Suppose there are two independent Binomial random variables $$ X\sim Binomial(n,p)\\ Y\sim Binomial(n,p+\delta) $$ where $\delta$ is considered to be fixed, and $p$ can vary in $(0,1-\delta)$.
Now consider the following value (sum of two probabilities): $$ \mathbb{P} \left( X\geq(p+\frac{\delta}2)\cdot n \right) +\mathbb{P} \left( Y\leq(p+\frac{\delta}2)\cdot n \right) $$
My question is: Which value of $p$ maximizes the above quantity? My intuition and simulation both says that when $p+\frac{\delta}2=1/2$, the value takes its maximum. It seems to be a very easy problem, but I could not prove it. Any thoughts or ideas would be greatly appreciated!
Edit: Let's suppose that nn is even, so that we can have an integer as threshold when $p=(1−\delta)/2p=(1-\delta)/2$.

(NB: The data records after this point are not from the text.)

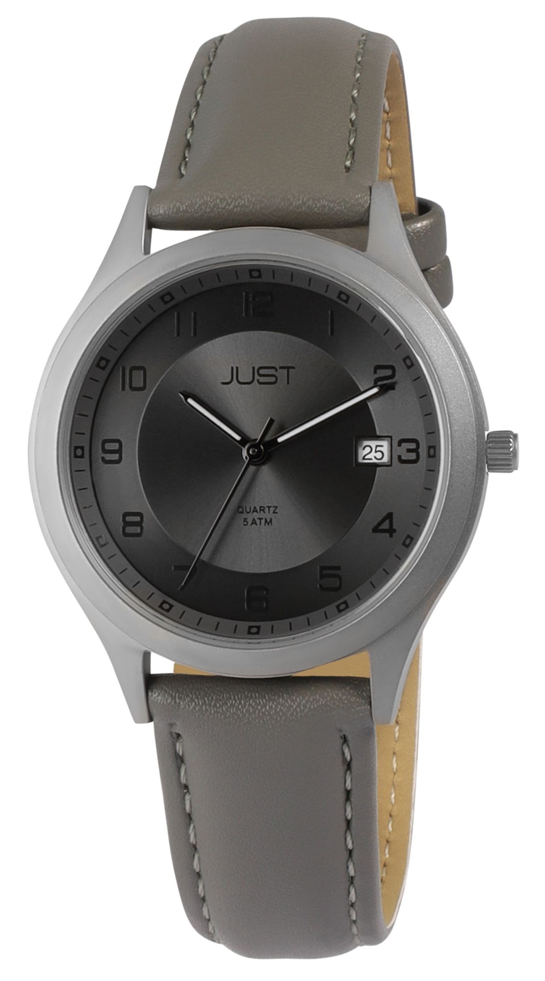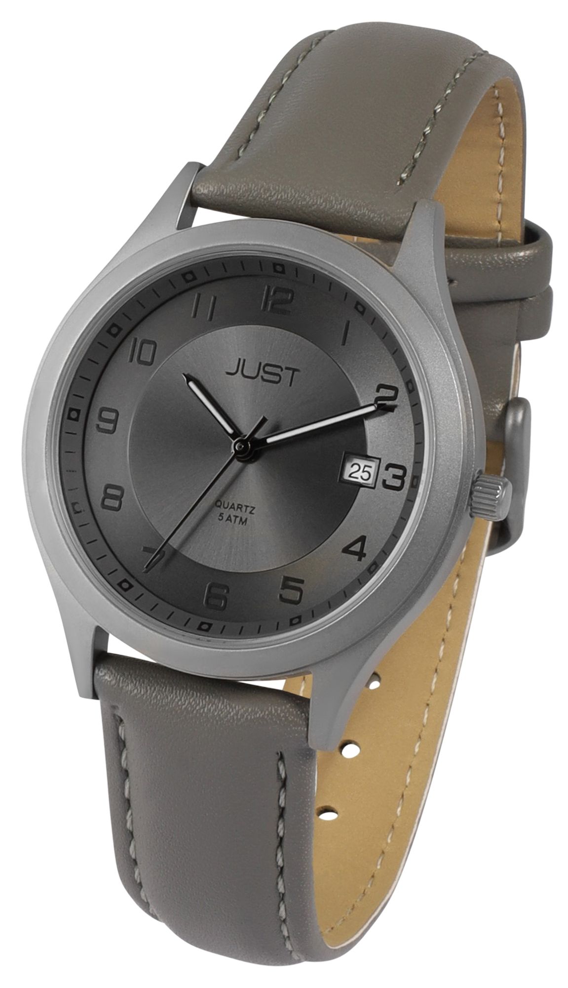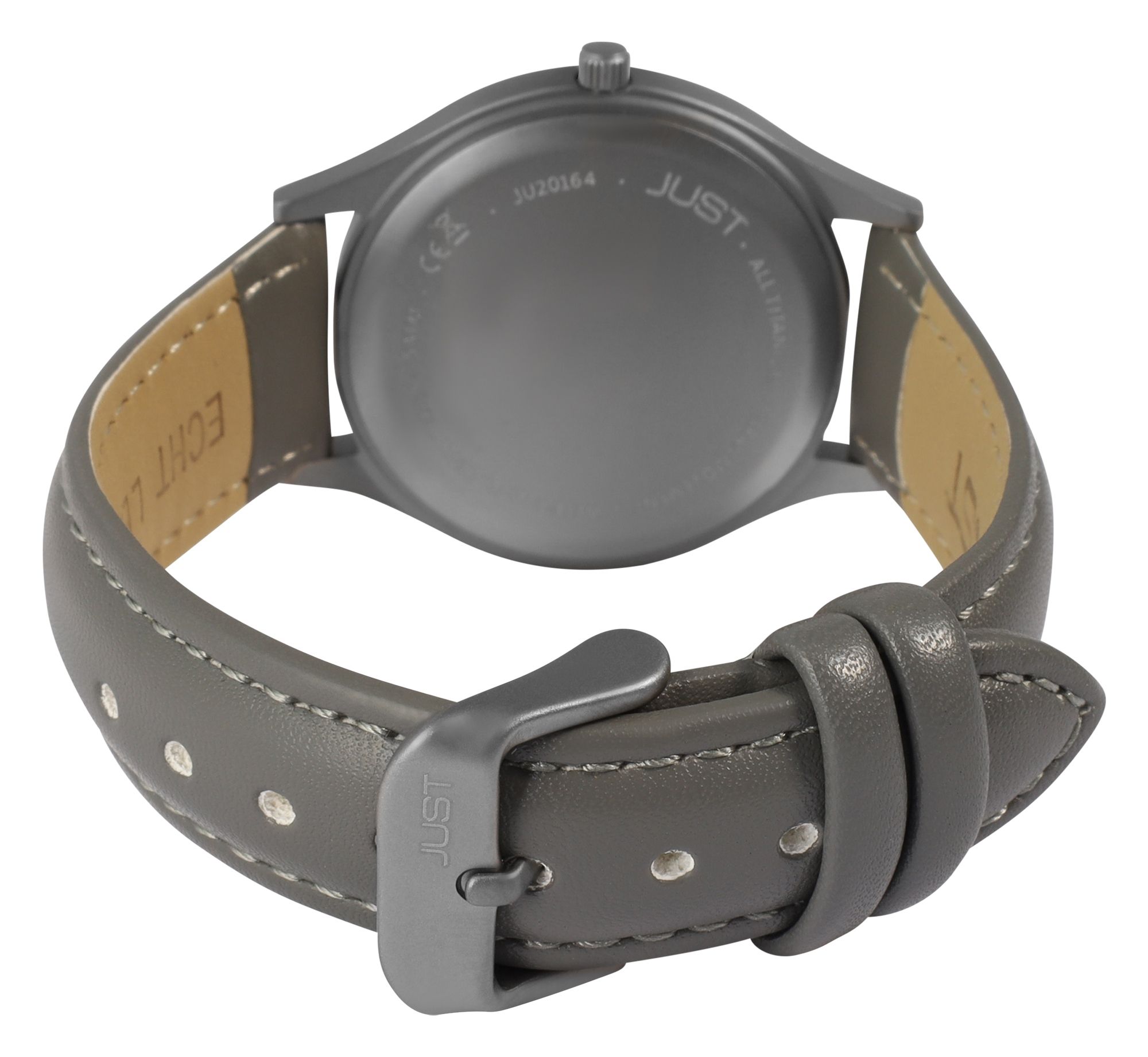 Productinformatie "Just "Leon" Herrenuhr mit Echt Lederband, Titangehäuse, 5ATM, Grau"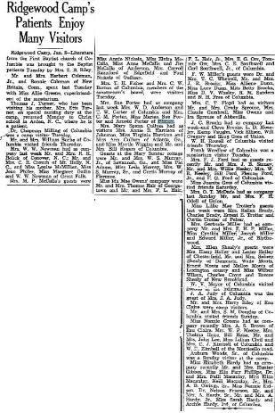 Ridgewood Camp, Jan. 8 – Literature from The First Baptist Church of Columbia was brought to the Baptist patients Tuesday by Mrs. E. B. Baptist.
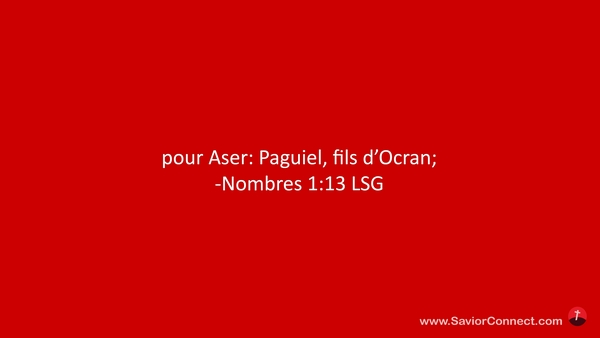 pour Aser: Paguiel, fils d'Ocran; -Nombres 1:13 LSG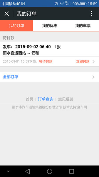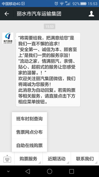假期將至,為滿足旅客多樣化的購票需求,現(xiàn)旅客只需關(guān)注“麗汽集團(tuán)”微信公眾號,就能實現(xiàn)通過手機(jī)終端直接購買從東、西汽車站始發(fā)班線的車票,還可以退票。
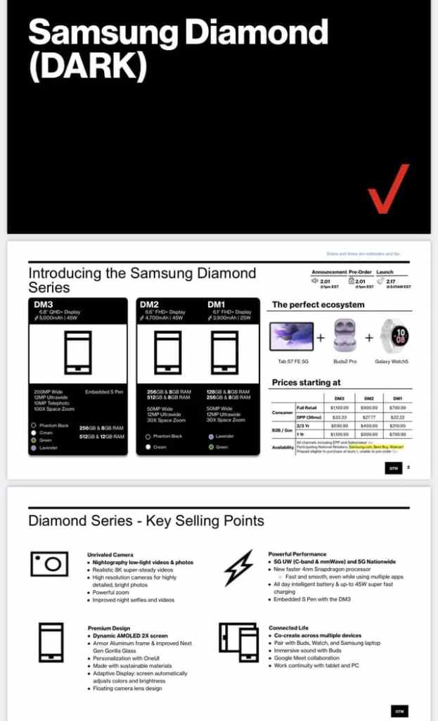Samsung Diamond parece ser el nombre en clave interno de la nueva serie S23, siendo DM1 el Galaxy S23, mientras que DM2 es el S23+ y DM3 es el S23 Ultra. El Galaxy S23 de referencia comenzará a USD 799 para el ajuste de almacenamiento de 8 GB de RAM y 128 GB. Samsung también ofrecerá una versión de 8/256 GB del S23, aunque la lista no proporciona detalles de precios.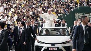 長崎、広島の後は、東京に戻られ、ドームでのミサには5万人の信者が参加しました。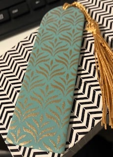 Handmade, light Turquoise, elegant print polymer clay bookmark, with a golden silky tassel.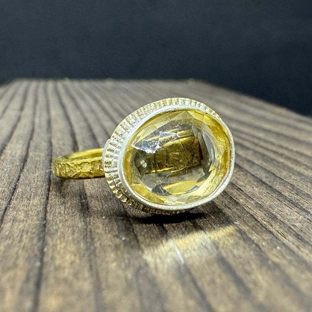 淡い黄色がキラキラしていてとても綺麗な石で存在感があります。

Your conjecture is close, but not quite correct. In the case where $n$ is even, yes, it is true. But in the case where $n$ is odd, you can achieve a slightly probability. Let $$h(n,p,\delta) = \Pr[X \ge (p+\delta/2)n] + \Pr[Y \le (p+\delta/2)n].$$ So for example, let $n = 3$, $\delta = 1/2$, then $$\begin{align*} h(3,p,1/2) &= \Pr[X \ge 3p + 3/4] + \Pr[Y \le 3p + 3/4] \\ &= \sum_{k=\lceil 3p + 3/4\rceil}^3 \binom{3}{k} p^k (1-p)^{3-k} + \sum_{k=0}^{\lfloor 3p + 3/4\rfloor} \binom{3}{k} (p+1/2)^k (1/2-p)^{3-k} \\ &= \begin{cases} \frac{1}{8} \left(-12 p^2+18 p+1\right), & 0 < p < 1/12 \\ \frac{1}{2} \left(6 p^3-6 p^2+3 p+1\right), & p = 1/12 \\ \frac{1}{2} \left(6 p^2-3 p+1\right), & 1/12 < p < 5/12 \\ \frac{1}{8} \left(-24 p^3+12 p^2-6 p+7\right), & p = 5/12 \\ \frac{1}{8} \left(-12 p^2-6 p+7\right), & 5/12 < p < 1/2. \end{cases} \end{align*}$$ It is clear that the maximum is attained when $p \in \{1/12, 5/12\}$, whereas $p = (1-\delta)/2 = 1/4$ does not yield a maximum. The key in the odd case is to choose a value close to $(1-\delta)/2$, but where $$\lceil n(p+\delta/2) \rceil = \lfloor n(p+\delta)/2 \rfloor$$ I leave it to you to find out what these $p$ are.